Stored items
Segment Open
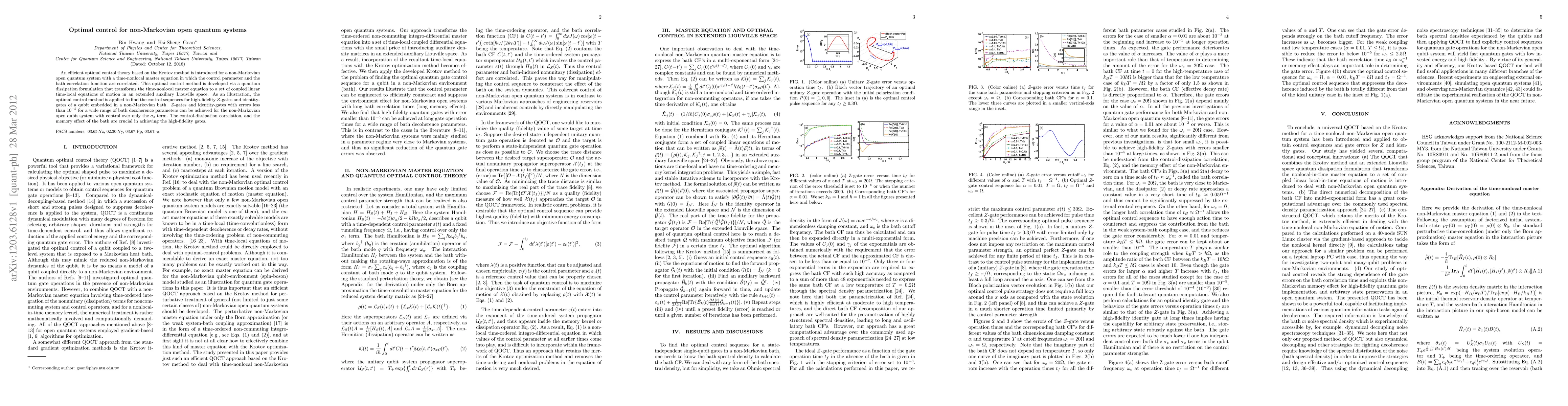 This paper introduces an optimal-control theory for non-Markovian open quantum systems using the Krotov method, transforming time-nonlocal master equations into linear time-local equations. The method achieves high-fidelity Z and identity gates for qubits in non-Markovian baths, highlighting the importance of control-dissipation correlation and memory effects.
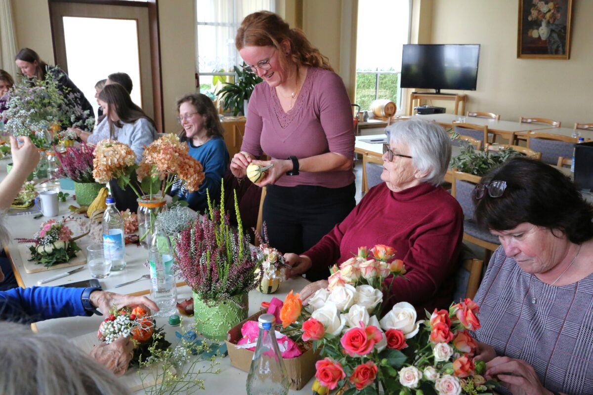 Den Kürbiskern ersetzte danach ein Schwamm, der für die Feuchtigkeit der Pflanzen sorgte. Kleine Rosen, Olivenzweige, Schleierkraut, Hortensienblüten und viele Beerenarten wurden zur Dekoration gesteckt, so entstanden kleine Kunstwerke.
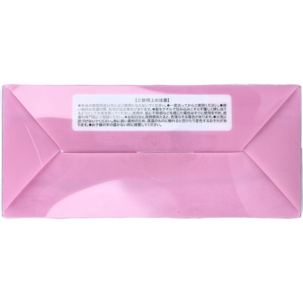 | 注意事項 | 【ご使用上の注意】 ・本品の使用用途以外にはご使用にならないでください。 ・一度洗ってからご使用ください。 ・使い始めは洗濯の際、毛羽が出る場合があります。 ・髪をタオルで包み込みこすらず優しく押し当てるようにして水気を取ってください。使用中、肌に不快感などを感じた場合はすぐに使用をやめ、皮膚科専門医にご相談ください。 ・直射日光に長時間あたると、色落ちする場合があります。 ・火気に近づけないでください。熱に弱い素材のため、高温のものに触れると溶けたり変色するおそれがあります。 ・お子様の手の届かない所に保管してください。 |
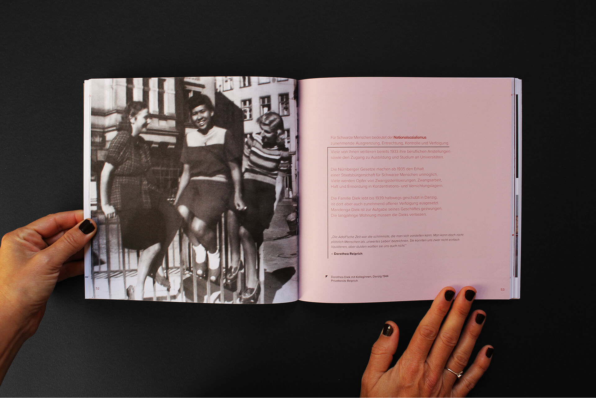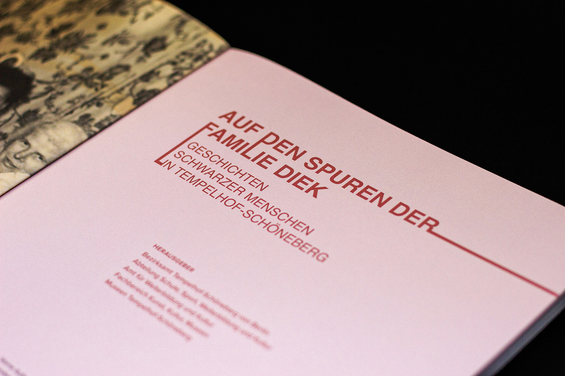 For the Museum of Schöneberg-Tempelhof in Berlin, we designed the catalogue for the exhibition The History of the Diek Family: the history of Black people in the Schöneberg district. The publication brings together the texts and photographic material presented in the exhibition, focusing on the historical, social, and photographic content and translating the spatial narrative into a cohesive editorial object.
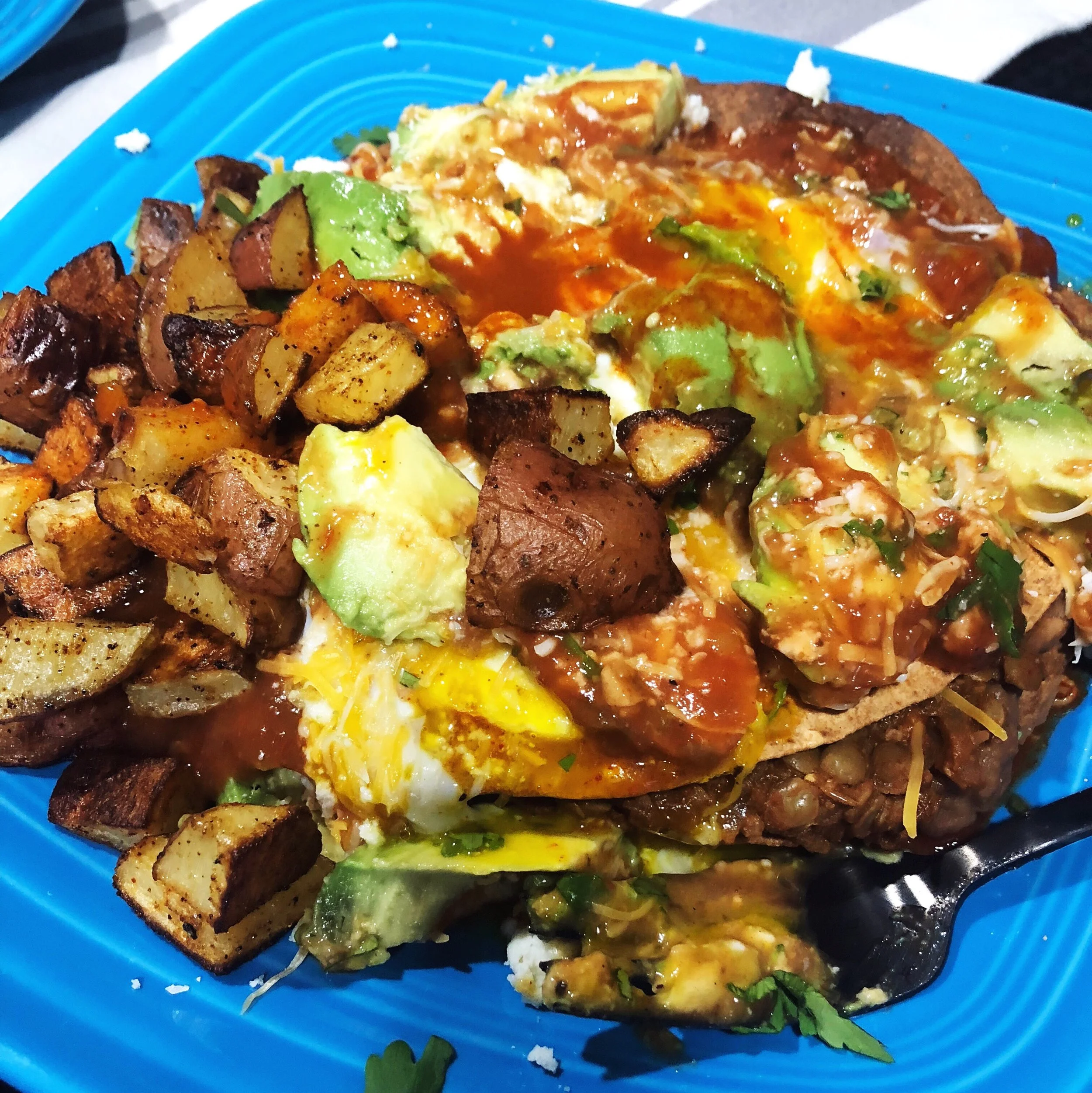 According to good ole Wikipedia, “the basic dish consists of fried eggs served upon lightly fried or charred corn tortillas topped with a salsa fresca made of tomatoes, chile peppers, onion, and cilantro. Refried beans, Mexican-style rice, and slices of avocado or guacamole are common accompaniments, with cilantro as a garnish.” Untraditional variations include flour tortillas instead of corn and pureed chile or enchilada sauce instead of salsa fresca.
Segment Closed
◆ What to do
Your task is to retype the lines running from the one that contains "For the Museum" through the end of the records, and nothing else. Pictures are not part of the copy.

◆ Answer section
 For the Museum of Schöneberg-Tempelhof in Berlin, we designed the catalogue for the exhibition The History of the Diek Family: the history of Black people in the Schöneberg district. The publication brings together the texts and photographic material presented in the exhibition, focusing on the historical, social, and photographic content and translating the spatial narrative into a cohesive editorial object.
 According to good ole Wikipedia, “the basic dish consists of fried eggs served upon lightly fried or charred corn tortillas topped with a salsa fresca made of tomatoes, chile peppers, onion, and cilantro. Refried beans, Mexican-style rice, and slices of avocado or guacamole are common accompaniments, with cilantro as a garnish.” Untraditional variations include flour tortillas instead of corn and pureed chile or enchilada sauce instead of salsa fresca.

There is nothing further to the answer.